§ Available records:
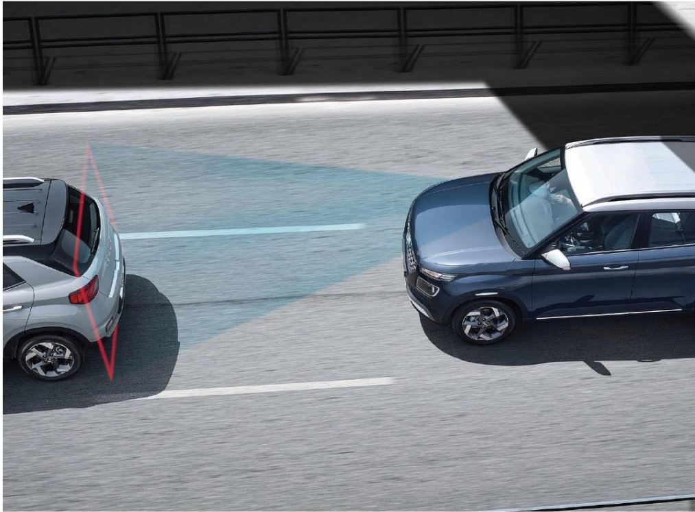
FCA 前方主動煞停輔助系統 [含行人偵測] / FCW 前方撞擊警示系統
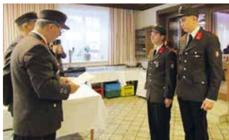
Angelobung bei der Wehrversammlung

Gerne laden wir Sie jetzt schon ein, unsere Veranstaltungen zu besuchen. Am Samstag, 31.8.2024 wird unser traditionelles Ripperlgrillen stattfinden. Als besonderes Highlight werden wir am Sonntag dem 1.9.2024, unser neues Mannschaftstransportfahrzeug segnen. Mittendrin stecken auch bereits die Planungen für das 120-jährige Gründungsfest im Jahr 2025. Sollten Sie den unbändigen Drang verspüren, sich am Fest aktiv beteiligen zu wollen, nehmen Sie Kontakt mit uns auf – wir freuen uns über Ihre Unterstützung!
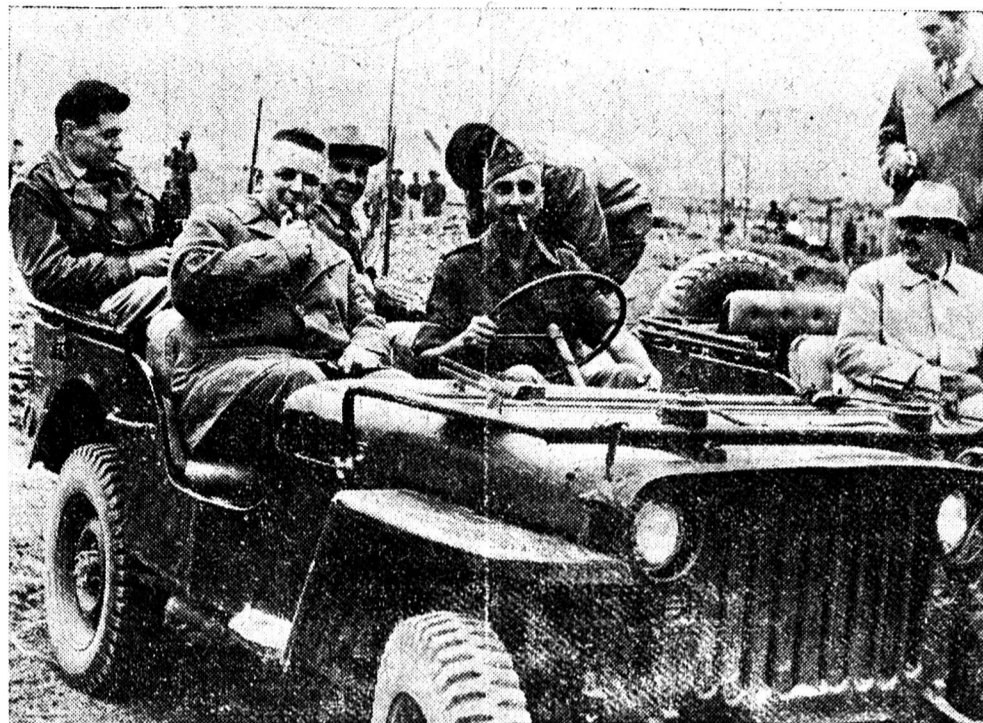
LUTTE A MORT A DIEN BIEN PHU

Des 10.000 t. de carburants qui, jusqu'ici, étaient mélangés à l'essence, la Confédération en achètera 2000, également au prix de revient, pour l'armée et les PTT.
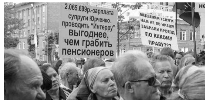
● НА ФОТО: ВОПРОСЫ ПЕНСИОНЕРОВ К ВЛАСТИ ОСТАЮТСЯ БЕЗ ОТВЕТА

На этот раз власть забаррикадировалась от пенсионеров еще основательнее — пространство перед облминистрацией было разграничено металлическими турникетами на своеобразные «загоны», вход в которые контролировали сотрудники в штатском.
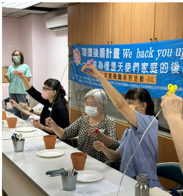
照顧者 FUN 輕鬆—園藝治療

透過定期舉辦支持團體活動，協力慢慢天使們家庭能更廣泛多元認識與習得相關專業知能，對未來生活照顧規畫能有更多樣的想像，並增強運用社會資源的能力，瑞復後盾計畫核心宗旨之中長期目標階段：支持團體—互助團體—自助社群，藉由資訊講座、專業知能研習、社群小聚，逐步落實永續目標，讓障礙者與其家庭能共融社會日常，建立自信與豐富的生活。
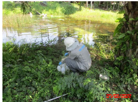
คลองสุญ (หลังจากห้วยด้วนบรรจบกับคลองสุญ)
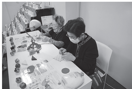
つるし飾りデモンストレーションの様子
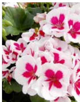
↑ Pelargonium white splash.

Comme chaque année, la commune a distribué des plants durant la semaine du 27 mai à une cinquantaine d'habitants afin de fleurir la jardinière communale mise à disposition. Lors de cette édition, étaient proposées des plantes annuelles (Pelargonium white splash et Bacopa guliver white). Ces plantes nécessitent peu d'arrosage et constituent de très jolies plantes d'ornement.
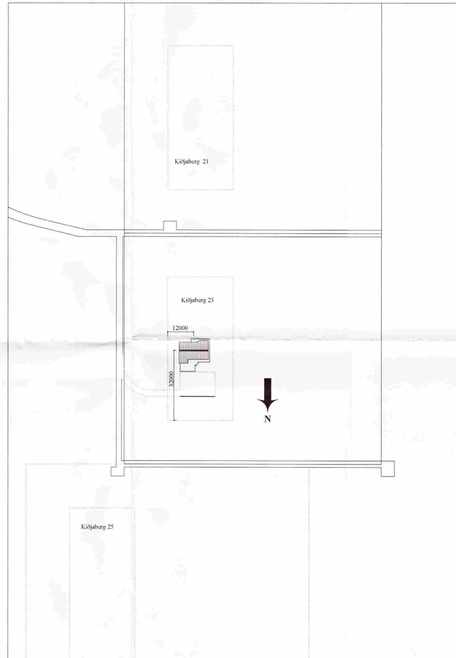
Afstöðumynd - mkv. 1:1000
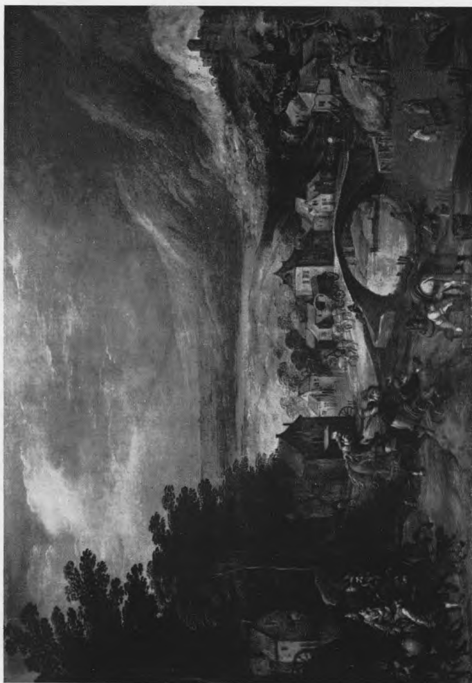
Landschap met de brug
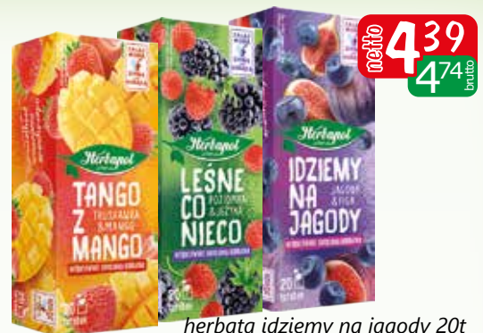
herbata idziemy na jagody 20t herbata lesne co nieco 20t herbata tango z mango
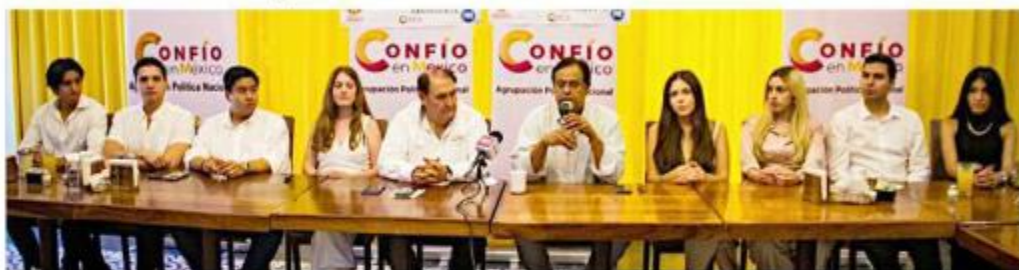
Integrantes de Confío en México, en Puerto Vallarta, promovieron la campaña de Voto Útil.

§ Work instructions: Although the records include pictures, output only their text, exactly and completely.

§ Response to this exercise:
FCA 前方主動煞停輔助系統 [含行人偵測] / FCW 前方撞擊警示系統
Angelobung bei der Wehrversammlung

Gerne laden wir Sie jetzt schon ein, unsere Veranstaltungen zu besuchen. Am Samstag, 31.8.2024 wird unser traditionelles Ripperlgrillen stattfinden. Als besonderes Highlight werden wir am Sonntag dem 1.9.2024, unser neues Mannschaftstransportfahrzeug segnen. Mittendrin stecken auch bereits die Planungen für das 120-jährige Gründungsfest im Jahr 2025. Sollten Sie den unbändigen Drang verspüren, sich am Fest aktiv beteiligen zu wollen, nehmen Sie Kontakt mit uns auf – wir freuen uns über Ihre Unterstützung!
LUTTE A MORT A DIEN BIEN PHU

Des 10.000 t. de carburants qui, jusqu'ici, étaient mélangés à l'essence, la Confédération en achètera 2000, également au prix de revient, pour l'armée et les PTT.
● НА ФОТО: ВОПРОСЫ ПЕНСИОНЕРОВ К ВЛАСТИ ОСТАЮТСЯ БЕЗ ОТВЕТА

На этот раз власть забаррикадировалась от пенсионеров еще основательнее — пространство перед облминистрацией было разграничено металлическими турникетами на своеобразные «загоны», вход в которые контролировали сотрудники в штатском.
照顧者 FUN 輕鬆—園藝治療

透過定期舉辦支持團體活動，協力慢慢天使們家庭能更廣泛多元認識與習得相關專業知能，對未來生活照顧規畫能有更多樣的想像，並增強運用社會資源的能力，瑞復後盾計畫核心宗旨之中長期目標階段：支持團體—互助團體—自助社群，藉由資訊講座、專業知能研習、社群小聚，逐步落實永續目標，讓障礙者與其家庭能共融社會日常，建立自信與豐富的生活。
คลองสุญ (หลังจากห้วยด้วนบรรจบกับคลองสุญ)
つるし飾りデモンストレーションの様子
↑ Pelargonium white splash.

Comme chaque année, la commune a distribué des plants durant la semaine du 27 mai à une cinquantaine d'habitants afin de fleurir la jardinière communale mise à disposition. Lors de cette édition, étaient proposées des plantes annuelles (Pelargonium white splash et Bacopa guliver white). Ces plantes nécessitent peu d'arrosage et constituent de très jolies plantes d'ornement.
Afstöðumynd - mkv. 1:1000
Landschap met de brug
herbata idziemy na jagody 20t herbata lesne co nieco 20t herbata tango z mango
Integrantes de Confío en México, en Puerto Vallarta, promovieron la campaña de Voto Útil.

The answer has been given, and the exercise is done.